While it is important to stick to investments that let you sleep peacefully, boycotting a particular asset class is not wise or healthy.
The hogs or pigs represent those kinds of investors who are prepared to take very high risks (sometimes without even being aware of it) hoping for quick bumper gains. They are greedy and impatient. They would jump at the latest hot tip suggested by a broker or picked up from a website. Such investors do not spend time and effort in gaining the knowledge required for such investments. Needless to say the hogs get slaughtered easily.
This term is used to refer to the investors to tend to behave like ostriches when the markets are miserable. It is said an ostrich, when faced with danger, slumps to the ground faking death instead of trying to escape or retaliate. They’re said to “bury their head in the sand”. But this technique rarely fools its predator.
Sometimes investors do not take remedial action or caution when they receive warning signals about market risks. They prefer to remain status quo, or shut themselves altogether to avoid hearing any bad news. Many times equity investors can trim their losses by reducing exposure before the worst leg of a market wide fall.
Of course, this does not mean investors should take action at every signal; long term investors in diversified funds or passive index funds may be better off not touching their investments. In such cases it’d be better to bury your head in the sand and be bird-brained!
However the ostrich behaviour can cost dear for investors who have exposure to highly risky securities like individual shares or sectors funds.

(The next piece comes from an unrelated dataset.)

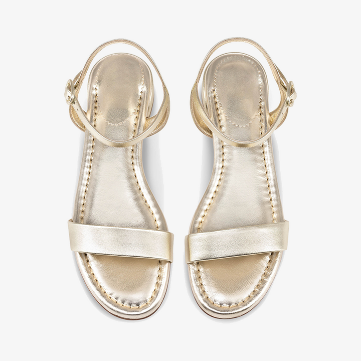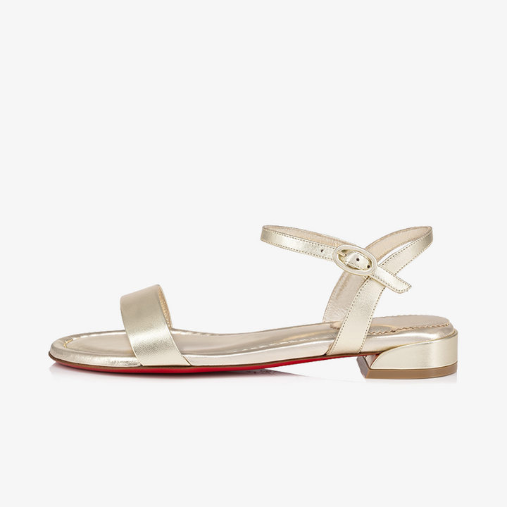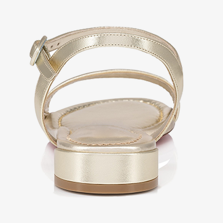 The sandal features sleek lines, crafted in gold calf leather. It showcases two elasticated straps with tonal buckles for an elegant finish, while the slender strap enhances the foot, adding a touch of sophistication.It sits atop a 30 mm heel.

Stag is the colloquial name for those stock market traders who buy shares in an IPO (initial public offer) where a company issues shares for the first time, with the intent of selling them away immediately as trading in those shares begins and grab quick, small profits. This is sometimes called stagging. Stag does not apply to common investors.
Finally the investing world also has seen the ravenous wolves – powerful individual traders who created scams that jolted the markets when they came to light. Again wolves are not common investors, they are extremely sophisticated traders.

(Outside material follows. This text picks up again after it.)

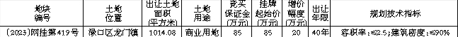 株洲市国有建设用地使用权网上挂牌出让公告 〔2023〕网挂第419号

Wolves exist not only in the investing world but in other areas of the financial world as well. There is little we can do to avoid them except hope that the regulatory systems are vigilant enough to nip them in the bud.
We may not all be permanently bullish or bearish. We may display with the ostrich behaviour at times although we are predominantly bullish. But understanding your preferences may help you mould your investment life better.
The labels used in the article are generic and are broadly used in investment circles. They are not used in a derogatory sense. Do consult an advisor for your investment related queries.